Yes, dealing with the guest state would require adding guest agent
events for notifying us of changes.

[...]

> > <domain>
> >   [...]
> >   <vcpu current='1'>3</vcpu>
> >   <vcpus>
> >     <vcpu id='0' state='enabled'/> <-- option 1, no extra data
> >     <vcpu id='1' state='disabled' cell='1'/> <--- option 2, just numa node,
> >                                                   since it's non-obvious
> >     <vcpu id='2' state='disabled' cell='1' pin='1-2' scheduler='...'/>
> >      <!-- option 3 all the data duplicated -->
> >   </vcpus>
> >   [...]
> >   <cputune>
> >     <cpupin ... />
> >   </cputune>
> >   [...]
> >   <cpu>
> >     <numa>
> >       <cell id='0' cpus='0' memory='102400' unit='KiB/>
> >       <cell id='1' cpus='1-2' memory='102400' unit='KiB/>
> >     </numa>
> 
> In the 'virsh capabilities' XML, the CPUs are listed underneath the
> <cell>. So rather than adding <vcpu> as children of <vcpus>, I think
> perhaps we should just put then under the <cell> here too. That would
> avoid the need to add a cell=NN attribute.eg
> 
>    <cpu>
>      <numa>
>        <cell id='0' cpus='0' memory='102400' unit='KiB>
>          <cpus>
>            <cpu id="0" state="enabled"/>
> 	 </cpus>
>        </cell>
>        <cell id='1' cpus='1-2' memory='102400' unit='KiB>
>          <cpus>
>            <cpu id="1" state="disabled"/>
>            <cpu id="2" state="enabled"/>
>          </cpus>
>        </cell>
>      </numa>

[1]

I was thinking doing the same at first but there's one caveat. For
non-numa guests you don't get the <numa> element at all. In such case
the online/offline state would need to be kept somewhere else and I
wanted to avoid having two places where to put the data.

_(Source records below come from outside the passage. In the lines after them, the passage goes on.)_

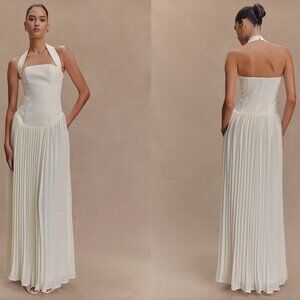 Meshki Stacie Pleated Halter Maxi Dress - Ivory, Size M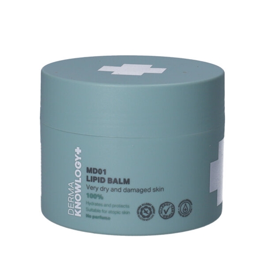 DermaKnowlogy MD01 Lipid Balm er en lipidcreme med maksimalt fedtindhold til pleje af meget tør og ekstrem tør hud.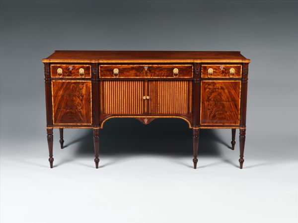 Curator: Editor: Standing before us is a mahogany Sideboard, dating back to somewhere between 1790 and 1815. Its elegant curve and the delicate inlay work are captivating. Given its presence here at the Art Institute of Chicago, I wonder about its cultural origins. What details can you share? Curator: Notice first the mahogany: its sourcing would be tightly coupled to colonial trade routes of that era. This wasn't simply a piece of furniture; it's a statement about power, consumption, and access to resources extracted from distant lands. Look at the joinery – a craft involving specialized knowledge and labour. Editor: So, the value lies not just in its function but also in understanding its historical making process. Curator: Precisely! Every detail, from the brass pulls to the veneer, involves processes deeply entwined with social and economic conditions. What does the uniformity of the design suggest to you? Was this piece made bespoke, or for broader consumption? Editor: I'm starting to consider how mass production might’ve influenced these later examples… like the hardware. Curator: And don't forget the cultural value we place on objects. How do they communicate status and values that reflect the dominant ideology? How has the role of the artist or craftsperson evolved with changes in material production? Editor: It’s like deconstructing this beautiful object into raw materials, labor, and even colonial history. I’ve never thought of furniture quite this way before! Curator: Exactly. That’s the beginning of a Materialist perspective. It allows us to look at art and artifacts not just as objects of beauty, but as embodiments of socio-economic forces. Editor: Thank you, I will keep a keen eye on all of those things.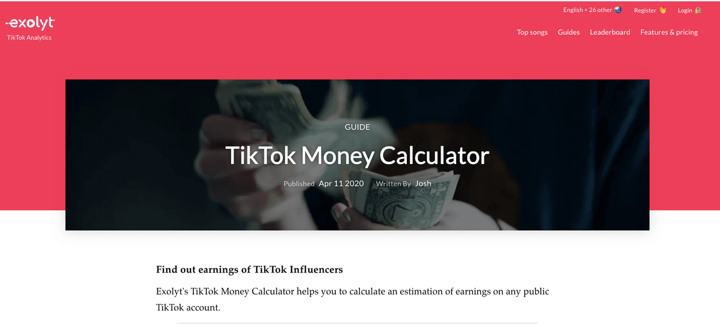 Es una de las calculadoras de TikTok más populares para conocer los ingresos potenciales de una cuenta dentro de la app. Es importante destacar que su calculadora solo funciona con la versión occidental, más no con la versión china Douyin.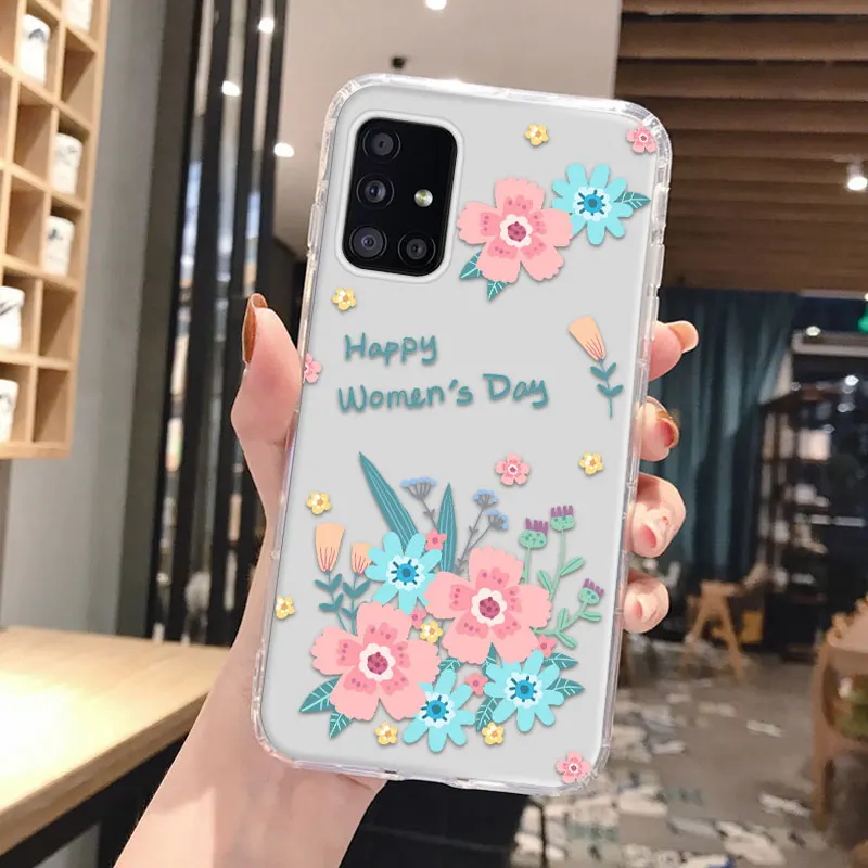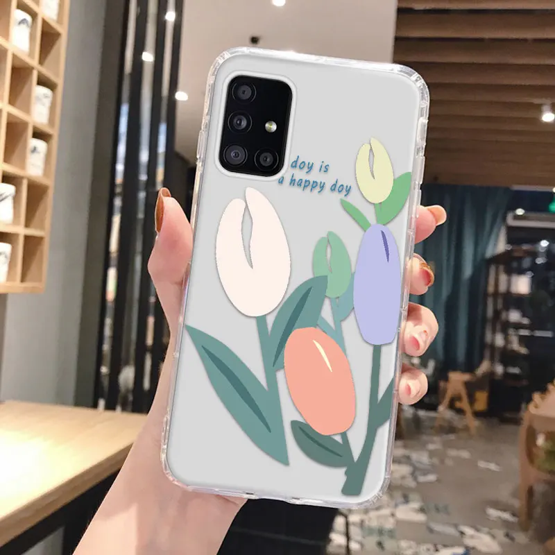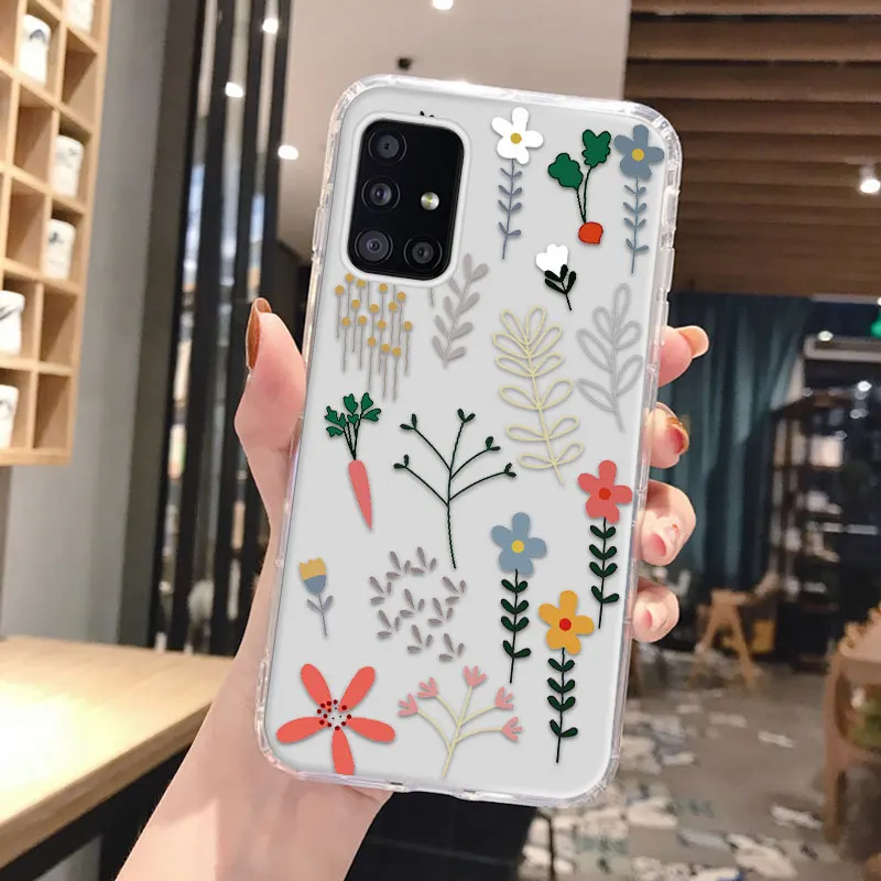 Прозрачный чехол с цветами для Samsung A51 A71 A32 A52 A72 Funda для Samsung A12 A31 A21S A30 A20 A50S A30S, чехол для телефона из мягкого ТПУ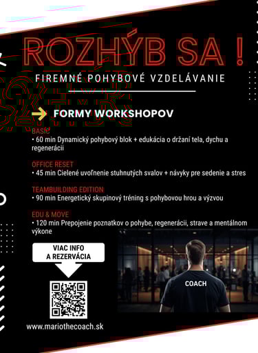 Edu & Move 90–120 min Prepojenie pohybu, regenerácie a stres manažmentu.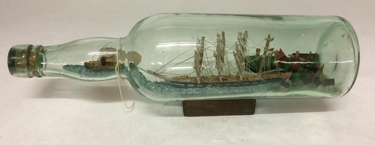 Flaskskepp som avbildar skeppet AURORA som bogseras ut ur hamn av bogserbåten BORE som är placerad i flaskans hals.

I've opted for adding a new element which would satisfy even non-numa
guests at the expense that you'd need to collate from two places in case
of numa guests.

> > # qemu/platform implementation caveats #
> > 
> > When starting the VM for the first time it might be necessary to start a
> > throw-away qemu process to query some details that we'll need to pass in on a
> > command line. I'm not sure if this is still necessary and I'll try to avoid it
> > at all cost.
> 
> If that is needed, then I think we would need to fix QEMU to let us
> introspect that at time we normally probe capabilities. Spawning an
> extra throw-away QEMU is absolutely not an option.

I was advocating for this to the qemu developers when I was discussing
this stuff with them. I hope they paid attention.